The support elevating device configured relative to each of the hoist trolley platforms is supported near a corner or a side of the hoist trolley platform, and/or

The support lifting device is fixedly connected to a reinforcing structure, and the reinforcing structure is at least one of a support column, a beam or a plate of a parking space where the mechanical garage is located and a steel structure or a mixed structure which are arranged independently.

18. The multi-story machinery vehicle garage of any one of claims 1-16, wherein the support lift is at least one of a hydraulic lift, a screw lift, and a rack lift.

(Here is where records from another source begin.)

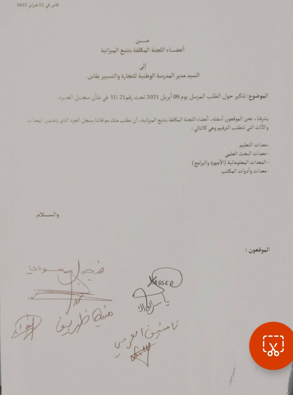 السادة الأفاضل، علاقة بالموضوع أعلاه، نخبركم أن المدرسة الوطنية للتجارة والتسيير بفاس، تعرف فسادا ماليا وإداريا لم يسبق له نظير، والمتمثلة في النقط التالية: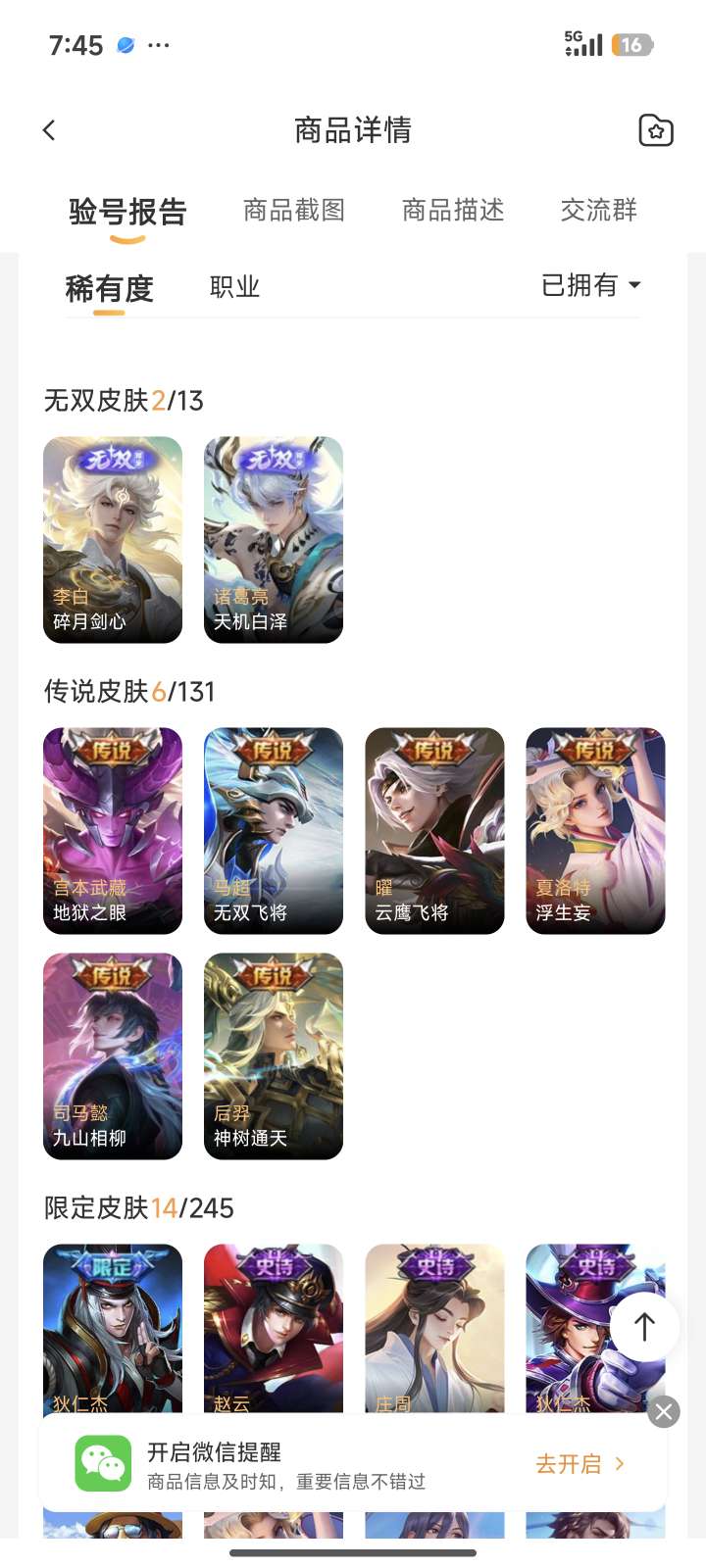 可二次实名/至圣王者/227皮肤/127英雄/1典藏/1珍品传说/11传说/78史诗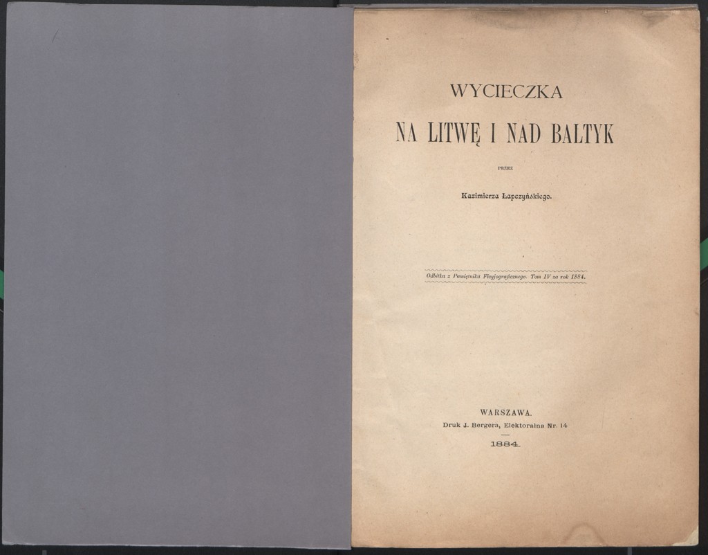 , Kazimierz Łapczyński "Wycieczka na Litwę i nad Bałtyk" (strona tytułowa), [w:] Polski słownik biograficzny, t. ,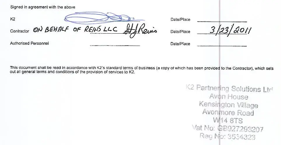 Yesterday, after almost a year K2 gave me the name of the individual who signed my contract with overlapping zeros.

19. The multi-layer mechanical garage of claim 18, wherein,

In the case that the support elevating device is a screw elevating device, the screw elevating device comprises a screw, a nut and a motor, the screw is fixedly arranged on the lower layer and extends towards the upper parking layer, the nut is sleeved on the screw so as to move relative to the screw through the driving of the motor, thereby driving a hanging scaffold cart platform directly connected or indirectly connected with the nut to elevate, or the screw can be driven by the motor to rotate relative to the nut, thereby elevating the hanging scaffold platform directly connected or indirectly connected with the nut; and/or

Under the condition that the supporting lifting device is a toothed bar lifting device, the toothed bar lifting device comprises a toothed bar, a gear and a motor, the toothed bar is fixedly arranged on the lower layer and extends towards the upper parking layer, the gear can be driven by the motor to move relative to the toothed bar, so that the lifting platform of the lifting disc directly connected or indirectly connected with the gear is driven to lift, or the toothed bar can be driven by the motor to move relative to the gear, so that the lifting platform of the lifting disc directly connected or indirectly connected with the gear lifts.

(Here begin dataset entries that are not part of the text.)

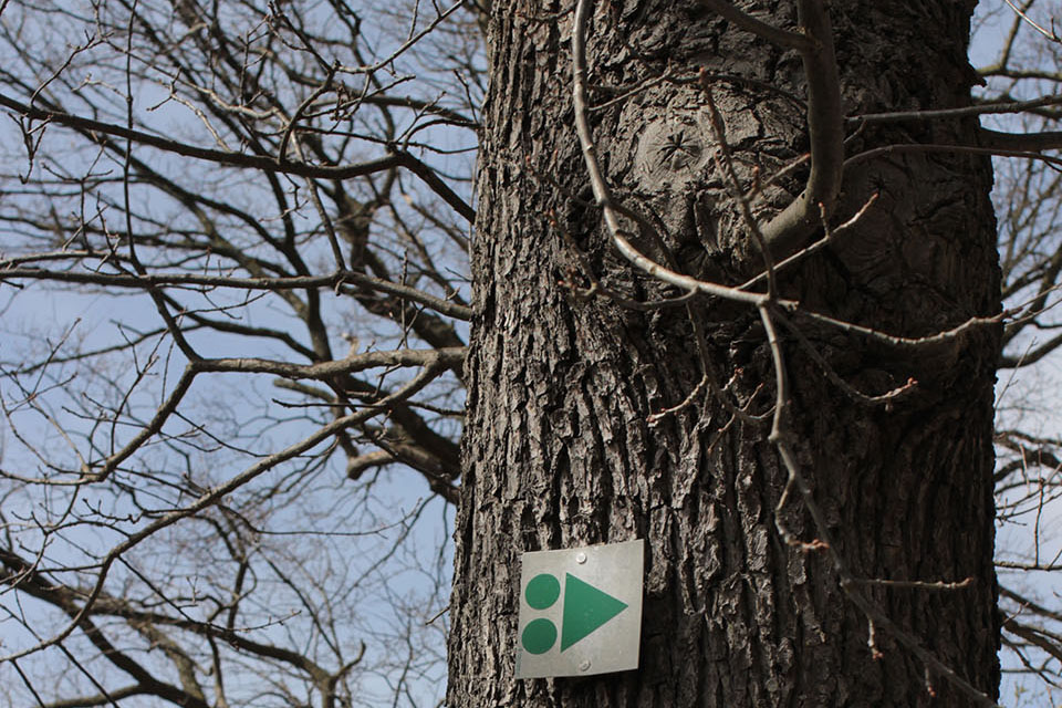 Les balises sont normalisées et composées de deux ronds surmontés d’un triangle. Elles sont de couleur verte pour ce circuit. La pointe du triangle indique la direction à suivre.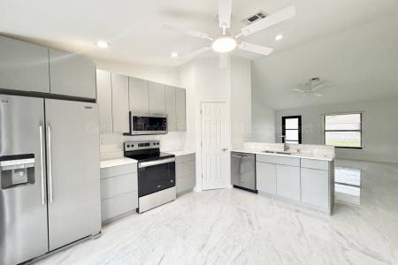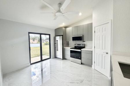 This fully renovated 3-bedroom, 2-bath home is available for immediate move-in. All new inside with marble-looking, large-profile porcelain flooring, new exterior paint, new tin roof, freshly painted, new kitchen... and bathroom cabinets, Led lighted bath mirrors, plus a vast, partially fenced corner lot and a two-car garage. All new windows and doors, including the garage door. Conveniently located in the community of Deltona Lakes, this property features an open, comfortable split floor plan with well-proportioned bedrooms and bathrooms, a lovely new kitchen with ample counter and cabinet space and many desirable features. Act now. This one won't last long. All applicants are required to do a credit and background check. Renters' insurance is required. Pet Friendly. Listing provided by RentalSource.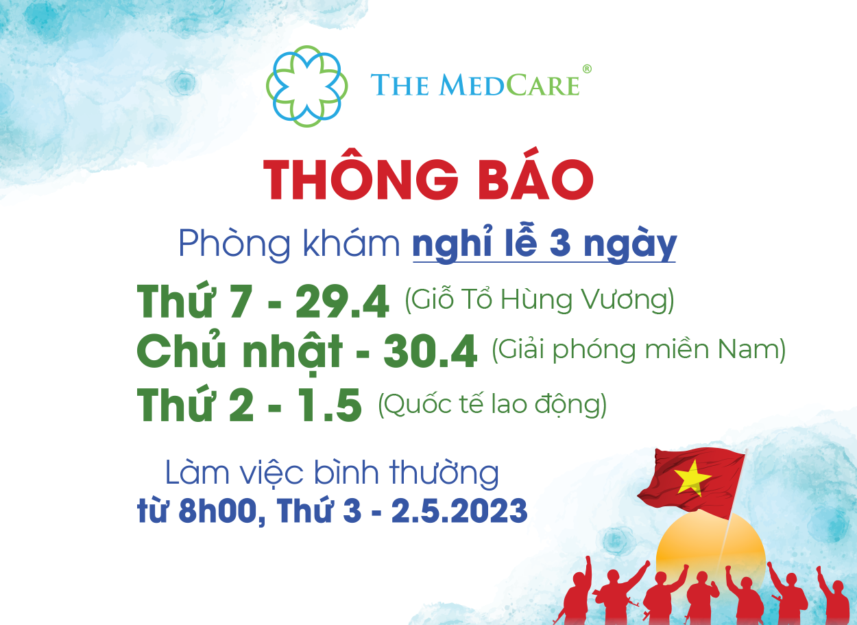 THÔNG BÁO: LỊCH NGHỈ LỄ DỊP 30/4 – 1/5 Để thuận tiện cho ba mẹ sắp xếp đưa trẻ đi khám bệnh và tiêm chủng, The Medcare xin thông báo lịch nghỉ lễ trên toàn hệ thống phòng khám như sau: Phòng khám nghỉ làm việc 3 ngày: – Thứ 7, ngày 29/4 (Giỗ

20. Multi-story machinery vehicle garage of any one of claims 1-16, wherein said hanging scaffold cart platform is configured with a reinforcement portion that is directly or indirectly connected to said support lift; and/or

The reinforcing part is a local reinforcing part provided with a connecting part or a reinforcing beam arranged along the side part of the hanging scaffold carrying platform.

21. Multi-story mechanical garage according to any of claims 1-16, wherein the multi-story mechanical garage is made of a steel structure and is arranged in a ground or underground parking space or a partial ground or partial underground parking space or an access opening of the multi-story mechanical garage is provided with a lower story access opening, an intermediate story access opening and/or an uppermost story access opening.